Collection entries:
•••

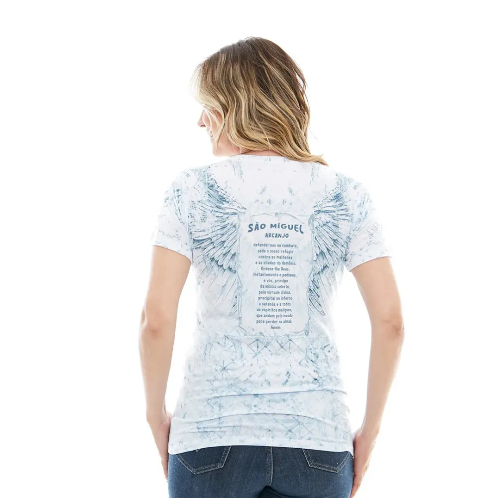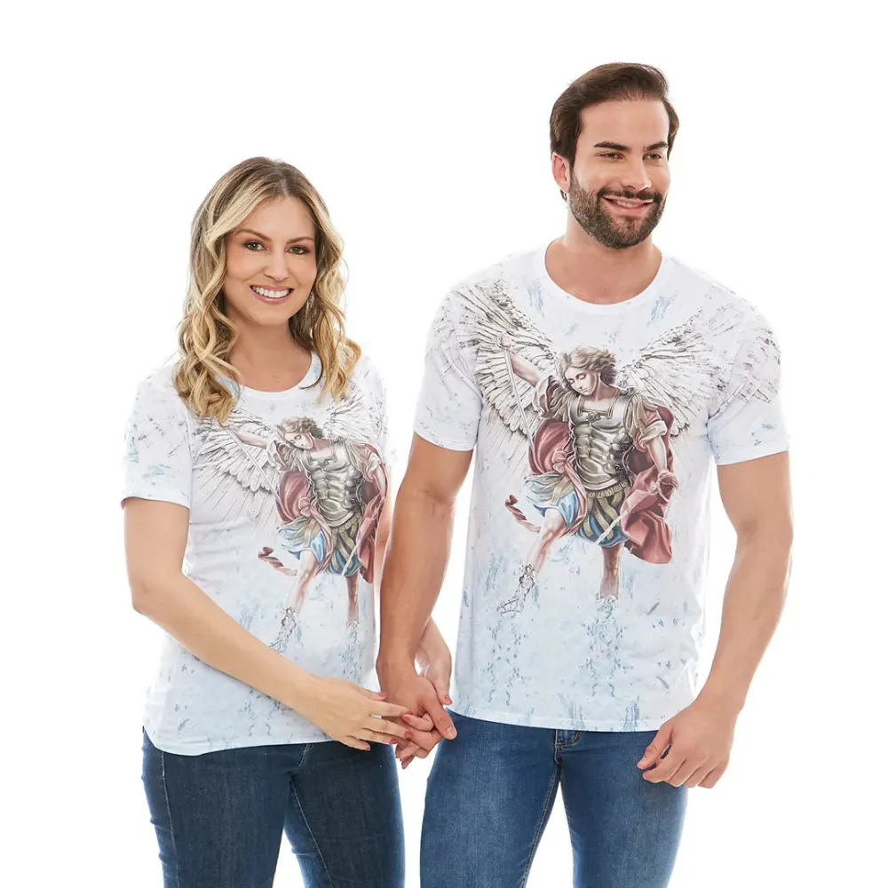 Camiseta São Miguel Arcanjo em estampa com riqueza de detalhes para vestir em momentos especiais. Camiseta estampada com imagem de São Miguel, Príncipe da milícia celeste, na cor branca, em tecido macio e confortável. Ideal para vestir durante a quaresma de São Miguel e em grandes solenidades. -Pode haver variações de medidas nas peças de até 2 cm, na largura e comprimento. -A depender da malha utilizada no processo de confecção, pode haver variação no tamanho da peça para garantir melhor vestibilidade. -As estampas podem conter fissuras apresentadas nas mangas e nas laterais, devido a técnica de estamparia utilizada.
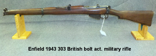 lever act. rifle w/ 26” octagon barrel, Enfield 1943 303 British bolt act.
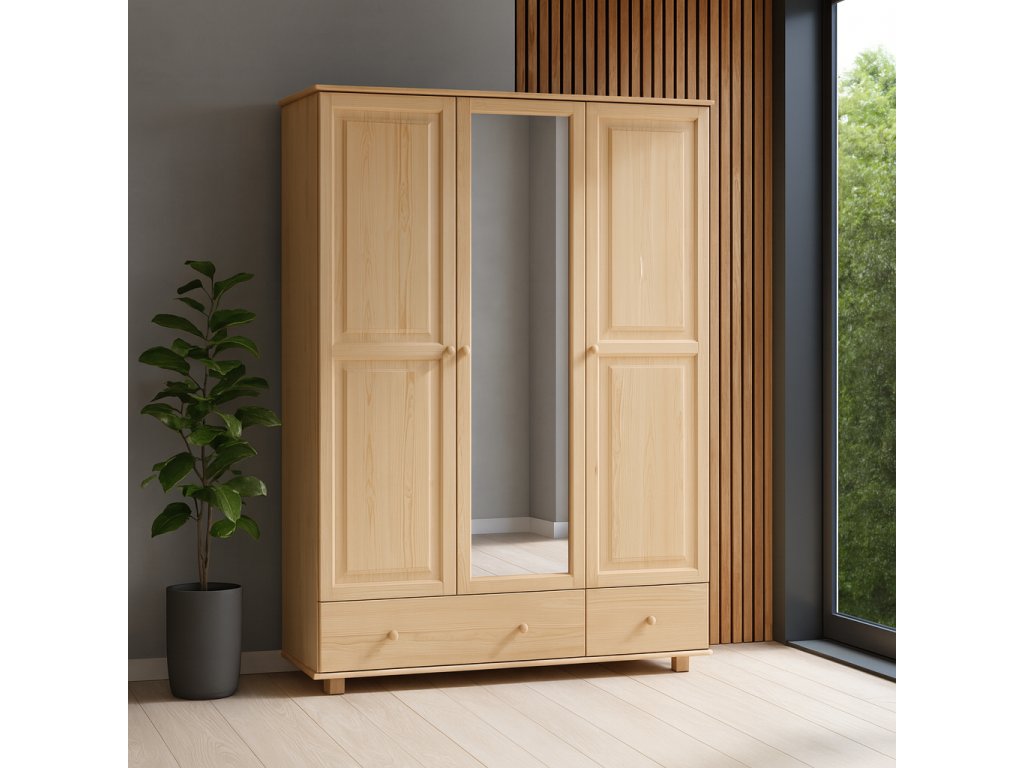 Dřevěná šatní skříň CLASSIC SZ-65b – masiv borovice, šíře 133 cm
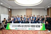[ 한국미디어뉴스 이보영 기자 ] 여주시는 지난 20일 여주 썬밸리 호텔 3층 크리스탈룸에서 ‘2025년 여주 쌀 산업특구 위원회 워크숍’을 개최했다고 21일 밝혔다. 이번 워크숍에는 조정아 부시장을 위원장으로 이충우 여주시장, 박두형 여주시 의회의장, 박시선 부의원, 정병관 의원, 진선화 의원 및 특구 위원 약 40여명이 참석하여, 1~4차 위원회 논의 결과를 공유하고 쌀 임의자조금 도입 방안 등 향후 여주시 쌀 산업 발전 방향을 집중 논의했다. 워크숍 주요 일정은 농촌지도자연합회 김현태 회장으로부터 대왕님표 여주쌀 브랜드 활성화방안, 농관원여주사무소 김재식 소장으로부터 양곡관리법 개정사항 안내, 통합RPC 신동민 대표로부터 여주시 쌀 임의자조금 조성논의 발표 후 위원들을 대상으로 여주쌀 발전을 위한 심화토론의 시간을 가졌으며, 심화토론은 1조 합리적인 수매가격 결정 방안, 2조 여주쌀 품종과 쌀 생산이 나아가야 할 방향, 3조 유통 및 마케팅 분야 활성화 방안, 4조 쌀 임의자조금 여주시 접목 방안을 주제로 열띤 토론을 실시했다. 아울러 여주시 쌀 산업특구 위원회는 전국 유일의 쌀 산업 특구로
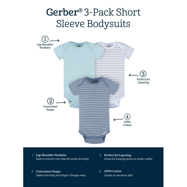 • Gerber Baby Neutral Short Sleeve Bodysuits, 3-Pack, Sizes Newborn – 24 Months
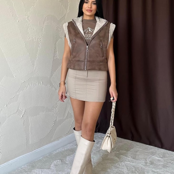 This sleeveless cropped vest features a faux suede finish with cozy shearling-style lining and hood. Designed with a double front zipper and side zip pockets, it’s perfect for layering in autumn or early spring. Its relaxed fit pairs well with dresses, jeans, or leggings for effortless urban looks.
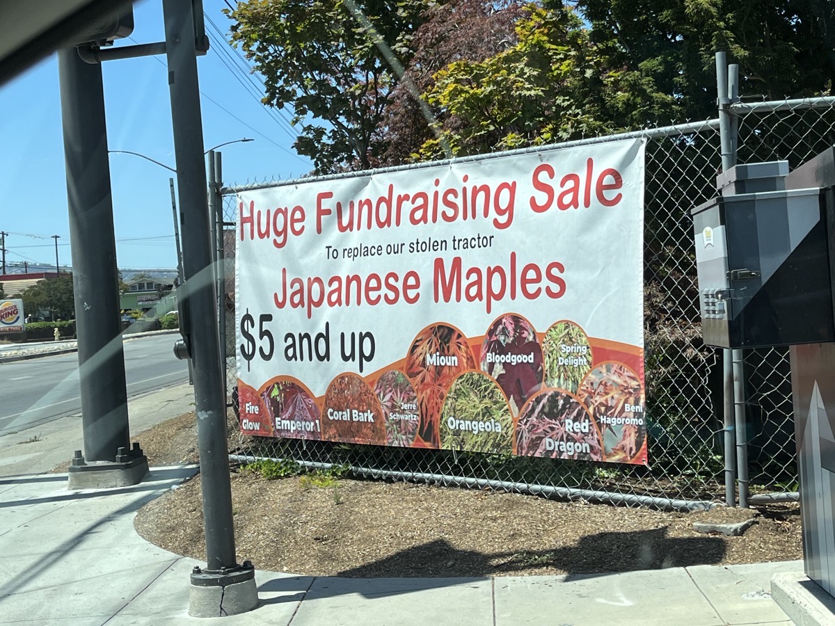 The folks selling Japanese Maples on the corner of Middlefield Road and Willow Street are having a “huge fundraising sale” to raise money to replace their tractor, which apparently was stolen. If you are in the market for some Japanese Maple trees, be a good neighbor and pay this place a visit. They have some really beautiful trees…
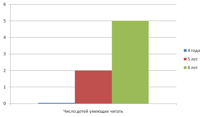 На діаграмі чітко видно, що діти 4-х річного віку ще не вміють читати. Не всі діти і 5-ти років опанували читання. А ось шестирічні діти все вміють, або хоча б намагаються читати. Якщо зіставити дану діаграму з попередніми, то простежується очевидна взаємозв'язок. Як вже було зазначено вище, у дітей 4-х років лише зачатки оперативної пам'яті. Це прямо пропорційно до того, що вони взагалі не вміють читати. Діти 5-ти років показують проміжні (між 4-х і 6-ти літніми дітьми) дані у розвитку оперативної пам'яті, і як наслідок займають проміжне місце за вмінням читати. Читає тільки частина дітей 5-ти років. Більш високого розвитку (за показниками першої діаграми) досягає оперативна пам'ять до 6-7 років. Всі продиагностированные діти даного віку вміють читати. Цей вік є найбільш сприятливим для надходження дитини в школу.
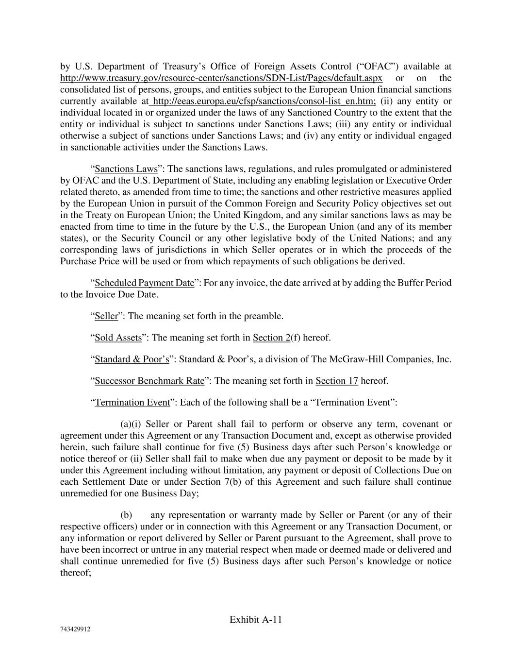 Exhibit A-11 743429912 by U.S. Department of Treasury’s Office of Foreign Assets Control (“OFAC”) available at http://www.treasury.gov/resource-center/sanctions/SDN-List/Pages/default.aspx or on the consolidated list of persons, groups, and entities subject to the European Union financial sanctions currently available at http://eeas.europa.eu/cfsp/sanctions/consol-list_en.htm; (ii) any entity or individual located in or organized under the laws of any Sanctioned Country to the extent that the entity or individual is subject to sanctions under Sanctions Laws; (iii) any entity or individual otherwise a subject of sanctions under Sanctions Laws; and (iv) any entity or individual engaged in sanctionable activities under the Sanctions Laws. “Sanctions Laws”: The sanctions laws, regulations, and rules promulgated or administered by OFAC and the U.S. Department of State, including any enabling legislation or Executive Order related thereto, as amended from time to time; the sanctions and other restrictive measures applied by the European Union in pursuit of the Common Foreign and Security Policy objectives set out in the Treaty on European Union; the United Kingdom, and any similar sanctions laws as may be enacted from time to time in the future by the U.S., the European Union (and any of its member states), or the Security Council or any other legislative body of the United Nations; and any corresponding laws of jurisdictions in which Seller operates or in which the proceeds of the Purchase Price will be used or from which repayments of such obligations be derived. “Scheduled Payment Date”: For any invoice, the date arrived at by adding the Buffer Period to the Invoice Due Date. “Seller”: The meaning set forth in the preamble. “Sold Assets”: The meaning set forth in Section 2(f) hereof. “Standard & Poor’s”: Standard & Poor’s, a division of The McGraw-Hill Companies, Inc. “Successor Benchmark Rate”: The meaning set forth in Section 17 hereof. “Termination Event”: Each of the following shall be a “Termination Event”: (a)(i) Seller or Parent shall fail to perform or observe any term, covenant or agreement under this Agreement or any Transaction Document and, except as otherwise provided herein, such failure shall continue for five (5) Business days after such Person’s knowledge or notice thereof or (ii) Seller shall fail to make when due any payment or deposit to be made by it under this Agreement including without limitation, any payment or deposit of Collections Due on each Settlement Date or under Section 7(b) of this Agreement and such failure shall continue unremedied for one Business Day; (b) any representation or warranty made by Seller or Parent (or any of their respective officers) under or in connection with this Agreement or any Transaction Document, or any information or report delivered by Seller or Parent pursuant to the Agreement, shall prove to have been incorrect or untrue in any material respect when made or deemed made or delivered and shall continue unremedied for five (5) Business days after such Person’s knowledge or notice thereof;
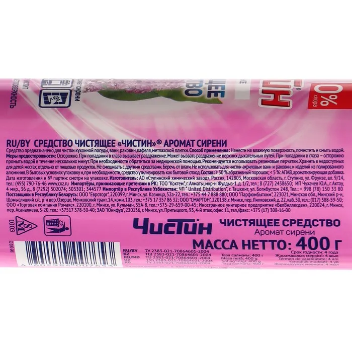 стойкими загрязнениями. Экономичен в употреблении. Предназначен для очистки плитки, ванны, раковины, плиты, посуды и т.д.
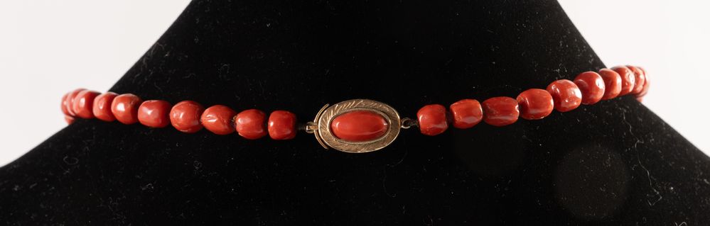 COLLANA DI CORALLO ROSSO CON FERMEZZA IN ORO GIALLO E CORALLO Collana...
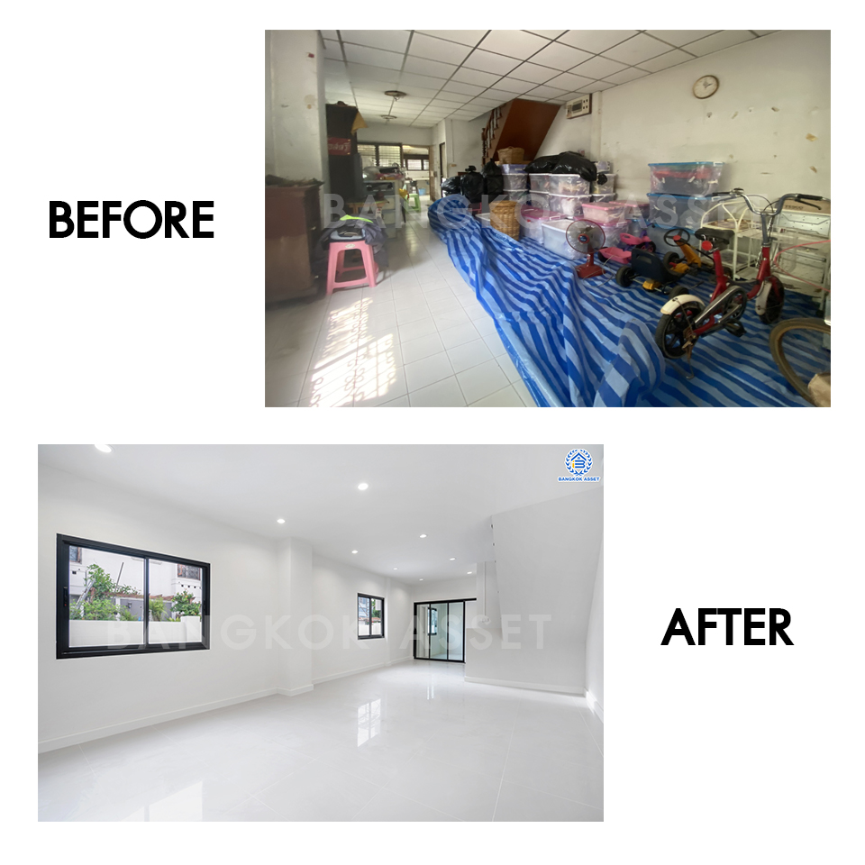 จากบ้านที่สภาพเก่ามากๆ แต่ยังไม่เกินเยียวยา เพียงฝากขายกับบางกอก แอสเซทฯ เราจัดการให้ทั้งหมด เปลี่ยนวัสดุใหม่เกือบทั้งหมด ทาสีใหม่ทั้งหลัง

•••

■ EXERCISE INSTRUCTIONS: What lines above run from the one with "Newborn – 24 Months" to the one with "This sleeveless cropped"? Give them again exactly, ends included, and leave the pictures out.

■ RESPONSE TO THE EXERCISE:
 • Gerber Baby Neutral Short Sleeve Bodysuits, 3-Pack, Sizes Newborn – 24 Months
 This sleeveless cropped vest features a faux suede finish with cozy shearling-style lining and hood. Designed with a double front zipper and side zip pockets, it’s perfect for layering in autumn or early spring. Its relaxed fit pairs well with dresses, jeans, or leggings for effortless urban looks.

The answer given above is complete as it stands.